◆ **INFORMATION SHOWN**
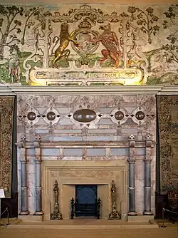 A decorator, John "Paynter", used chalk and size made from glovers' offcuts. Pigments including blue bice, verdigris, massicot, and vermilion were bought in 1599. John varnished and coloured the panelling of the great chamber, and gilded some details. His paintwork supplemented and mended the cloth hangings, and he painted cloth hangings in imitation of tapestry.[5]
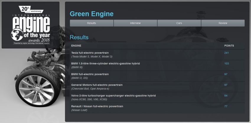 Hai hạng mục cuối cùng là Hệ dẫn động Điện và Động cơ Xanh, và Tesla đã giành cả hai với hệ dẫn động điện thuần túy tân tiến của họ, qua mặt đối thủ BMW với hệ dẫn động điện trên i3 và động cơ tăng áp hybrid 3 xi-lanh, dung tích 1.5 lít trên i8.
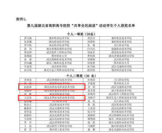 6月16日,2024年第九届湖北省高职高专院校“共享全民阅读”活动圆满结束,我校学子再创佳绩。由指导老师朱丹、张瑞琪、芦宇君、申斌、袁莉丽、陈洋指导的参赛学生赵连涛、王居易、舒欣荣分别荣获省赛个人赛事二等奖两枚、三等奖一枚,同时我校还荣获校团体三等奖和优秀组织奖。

◆ **TASK TO CARRY OUT**
Exclude the pictures. Write out the remaining data exactly.

◆ **SOLUTION TO THIS EXERCISE**
 A decorator, John "Paynter", used chalk and size made from glovers' offcuts. Pigments including blue bice, verdigris, massicot, and vermilion were bought in 1599. John varnished and coloured the panelling of the great chamber, and gilded some details. His paintwork supplemented and mended the cloth hangings, and he painted cloth hangings in imitation of tapestry.[5]
 Hai hạng mục cuối cùng là Hệ dẫn động Điện và Động cơ Xanh, và Tesla đã giành cả hai với hệ dẫn động điện thuần túy tân tiến của họ, qua mặt đối thủ BMW với hệ dẫn động điện trên i3 và động cơ tăng áp hybrid 3 xi-lanh, dung tích 1.5 lít trên i8.
 6月16日,2024年第九届湖北省高职高专院校“共享全民阅读”活动圆满结束,我校学子再创佳绩。由指导老师朱丹、张瑞琪、芦宇君、申斌、袁莉丽、陈洋指导的参赛学生赵连涛、王居易、舒欣荣分别荣获省赛个人赛事二等奖两枚、三等奖一枚,同时我校还荣获校团体三等奖和优秀组织奖。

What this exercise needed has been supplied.